Я по диагонали пересёк площадь перед Дворцом спорта. Изо рта вылетали клубы пара: густые, похожие на табачный дым. Они напомнили мне о Зоином отце. Я мысленно помянул Юрия Фёдоровича Каховского нехорошим словом: тот будто нарочно уехал в командировку в «неподходящее» время. Мимо меня прошла шумная ватага детей (как и я, детишки «дымили», будто паровозы). Мальчишки удостоили меня равнодушными взглядами. И торопливо проследовали к ведущей в сторону дома Каховских аллее. Я не пошёл за ними — свернул на другую дорогу, по которой сегодня уже проходил вместе с Зоей (полтора-два часа назад). Всё же обернулся, прежде чем зашёл за высокие, похожие на стену снежной крепости кусты. Зою не увидел. Понадеялся, что девочка вняла моим указаниям: дошла до автобусной остановки.

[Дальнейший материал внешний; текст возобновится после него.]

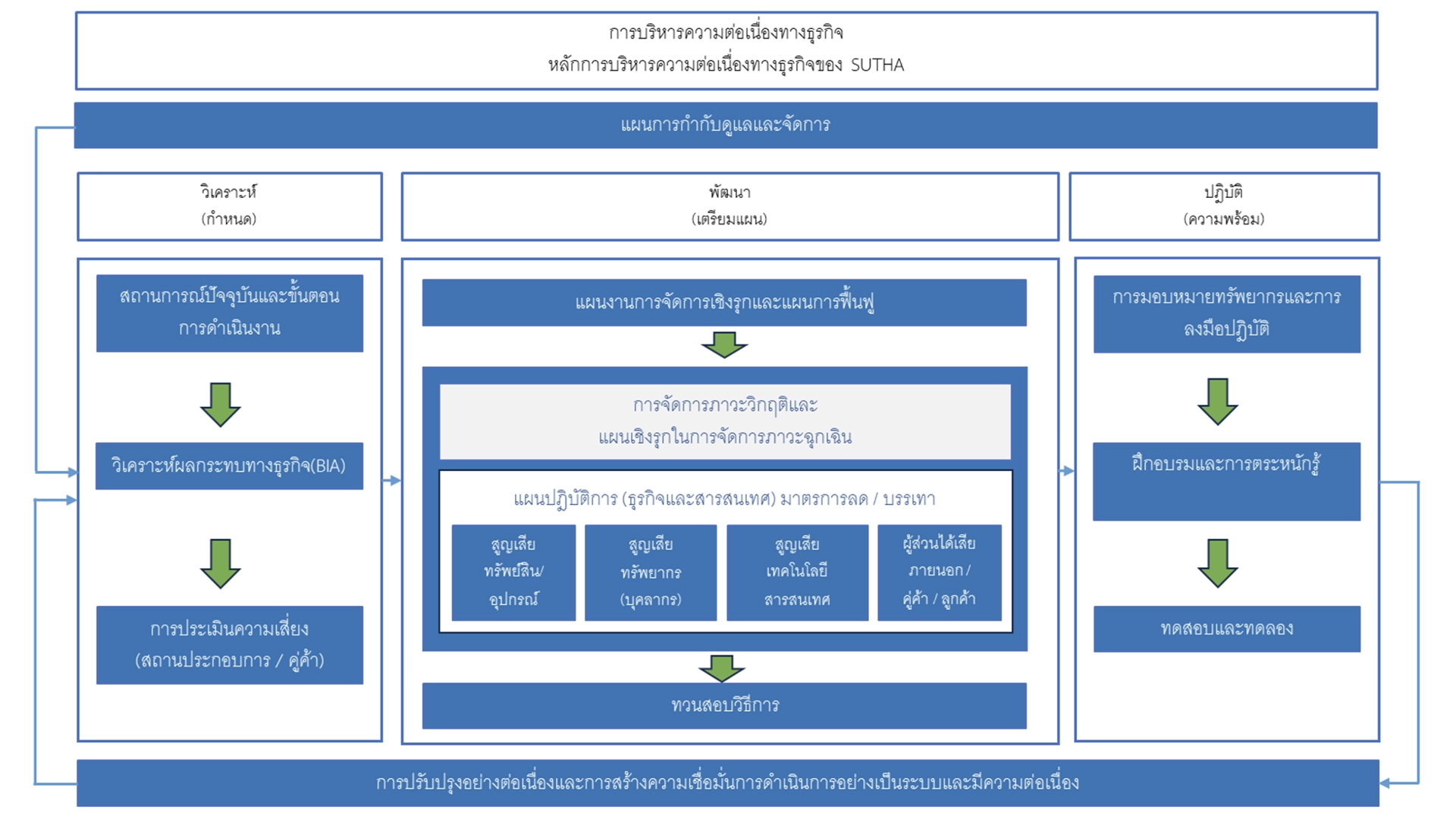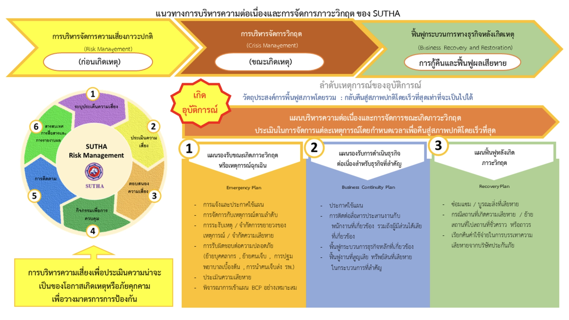 SUTHA มีการกำกับดูแลกิจการให้สอดคล้องตามกรอบแนวทางด้านความยั่งยืน โดยพัฒนากระบวนการบริหารจัดการเพื่อให้มีการดำเนินการให้กิจกรรมทางธุรกิจเป็นไปอย่างต่อเนื่อง โดยมีการบริหารจัดการความเสี่ยง การวางแนวทางเตรียมรับเหตุการณ์ฉุกเฉิน การเตรียมแผนงาน หรือมาตรการป้องกันผลกระทบที่อาจส่งผลต่อความเสียหายต่อทรัพย์สินและอุปกรณ์ ระบบเทคโนโลยี หรือระบบสารสนเทศที่สำคัญ เพื่อรักษาผลประโยชน์ของผู้มีส่วนได้เสีย ปกป้องและรักษาชื่อเสียง และสร้างให้เกิดความเชื่อมั่นต่อระบบการกำกับดูแลกิจการเพื่อให้ธุรกิจเติบโตอย่างยั่งยืน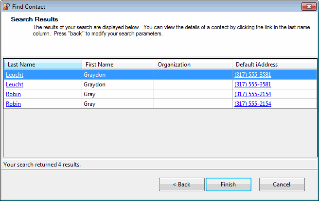 Result: The Search Results page of the Find Contact Wizard appears. It lists all matching contacts.

Я изначально планировал задействовать Каховскую лишь при старте запасного плана. Не собирался впутывать Зою в разборки со шпаной. Ни в одном из моих планов не выделил ей место на острие атаки. Однако наметил для девочки важную роль при запуске резервного варианта «спасения Вовчика». Решил, что «скину» ей пистолет (после того, как «всё закончится»). Неважно, как я добьюсь своей цели: со стрельбой, или без применения оружия. Меня вполне устраивал и тот вариант, в котором хулиганы испугаются одного только моего грозного вида (и «Вальтера», разумеется). Но даже он предполагал, что оружие после завершения «операции» следовало либо выбросить, либо хорошенько спрятать (от греха подальше). Выбрасывать пистолет не стану (ни в коем случае). Доверю его временное хранение дочери подполковника советской милиции.